Monday, 17 October 2016

A weaker pound is not necessarily to be feared: this rebalancing is long overdue + our exporters / tourism loves it

The pound has dropped in value. What does this mean and is it a good or bad thing, in the short medium and long term? 
There are both benefits and burdens to Brexit, but what is undeniable is that it is a shock and it causes a reassessment of our currency as compared to other currencies. This has caused a devaluation of the pound as compared to the dollar, the euro and other currencies. This has consequences. Some are not good. For example, imported goods like overseas fuel or non British food stuffs get more expensive. This is the origin of the Marmitegate crisis last week - and we will see some foodstuffs get more expensive in the shops if those shops are importing the produce. 

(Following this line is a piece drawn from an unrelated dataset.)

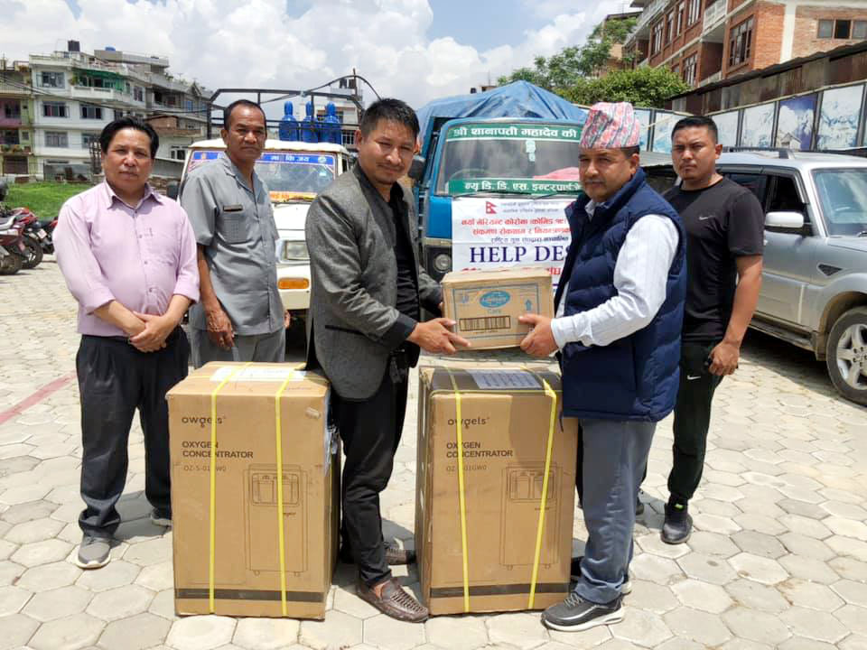 धमलाको पहलमा धादिङमा अक्सिजन कन्सन्ट्रेटरसहित स्वास्थ्य सामाग्री र खाद्यान्न वितरण
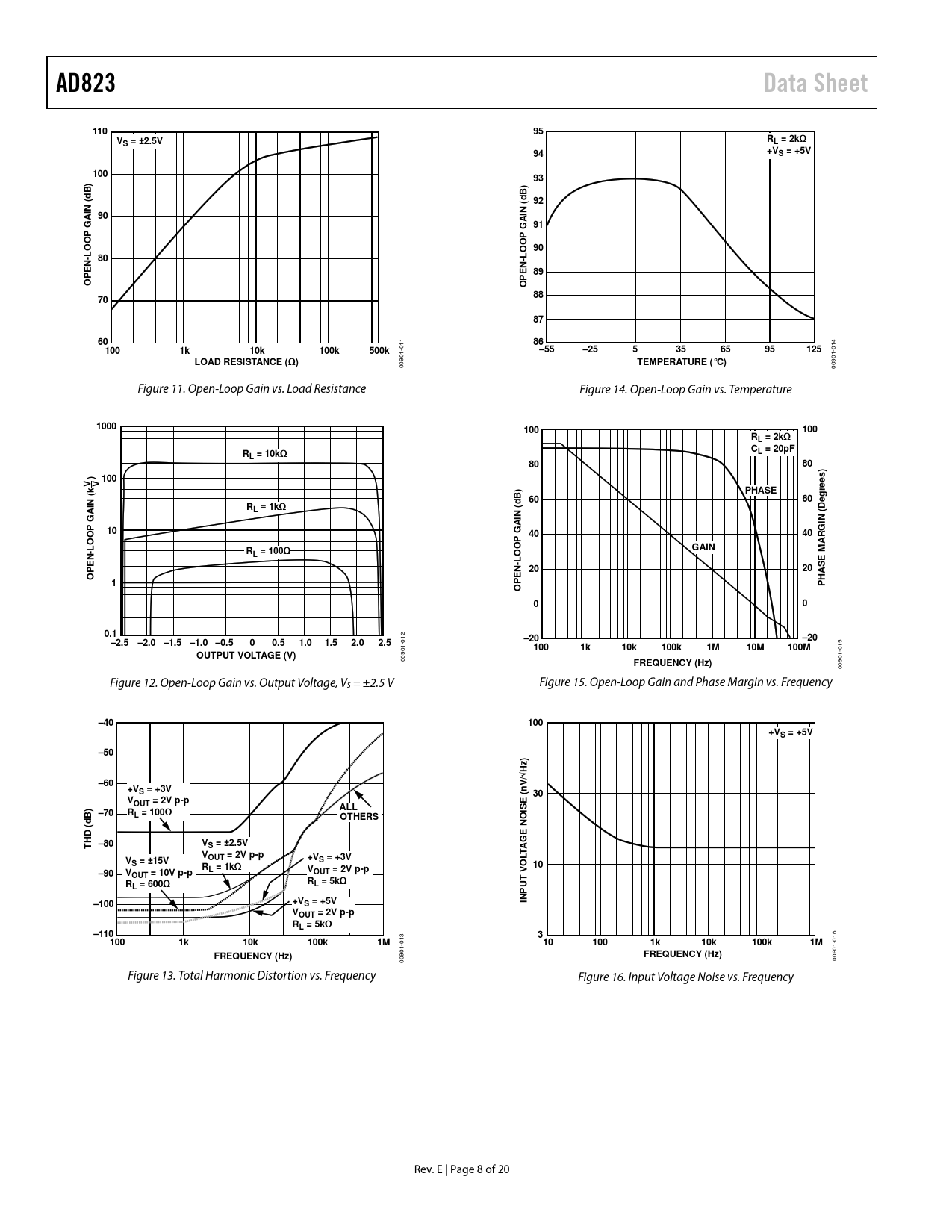 AD823. Data Sheet. 110. S = ±2.5V. L = 2kΩ. +VS = +5V. 100. B) d. B) d 92. N (. AI 90. G P. O 90. -L 80. PEN. 10k. 100k. 500k. –55. –25. 125. LOAD RESISTANCE (Ω)

If you are trying to export your manufactured goods you love the depreciation in the pound. Suddenly your goods are that much cheaper and more competitive. 
Similarly look at tourism: if you run a home grown bed and breakfast or a hotel then the devaluation of the pound as compared to the dollar or the euro is wonderful news. Your product - the great British holiday - is now a lot more attractive to overseas visitors. 
But if you are going on a European or American mini break then your pound buys less dollars or euros. Your holiday abroad got more expensive. Which means many families, I predict, will choose to staycation in the uk next year. Which boosts our uk tourism, hotel, pub and b + b

But don't take my word for it. The guardian is no friend of Brexit, but yesterday it did this assessment of why the pounds devaluation is not to be feared: it is a view. But whilst the jury is out in the future that Brexit holds the reports from business of the consequential devaluation of the pound is that fundamentally it is a good thing. 

A weaker pound works by making exports cheaper and imports dearer. The effect, as after all the other devaluations and depreciations of the past 100 years – 1931 to 1976, 1992 and 2007 – will make the economy less dependent on consumers and more reliant on producers. Lord Mervyn King, a former governor of the Bank of England, thinks the latest fall in sterling is a good thing and he is right.
Put the Brexit vote to one side for a second and ask yourself the following questions: 
- is the economy currently unbalanced? 
- Is growth too dependent on consumer spending and asset price bubbles? 
- Is the productive base of the economy too small? 
- Is it a problem that the UK is running a balance of payments deficit worth 6% of GDP, bigger than ever before in peacetime?
If your answer to these four questions is yes – as it should be – then you need to accept that there is an upside to the falling pound. Indeed, many of those who are now talking about a sterling crisis were last year bemoaning the fact that Greece – trapped as it was inside the eurozone – did not have the benefit of a floating currency and so had to use a brutal internal devaluation involving wage cuts, pension reductions and welfare retrenchment to restore its competitiveness.
The current account deficit will shrink as a result of stronger exports from the manufacturing and service sectors, the boost provided to the tourism industry, and because cheaper domestic goods and services will be substituted for more expensive imports. To say that dearer imports will make life more difficult for consumers is to miss the point. That’s how rebalancing works.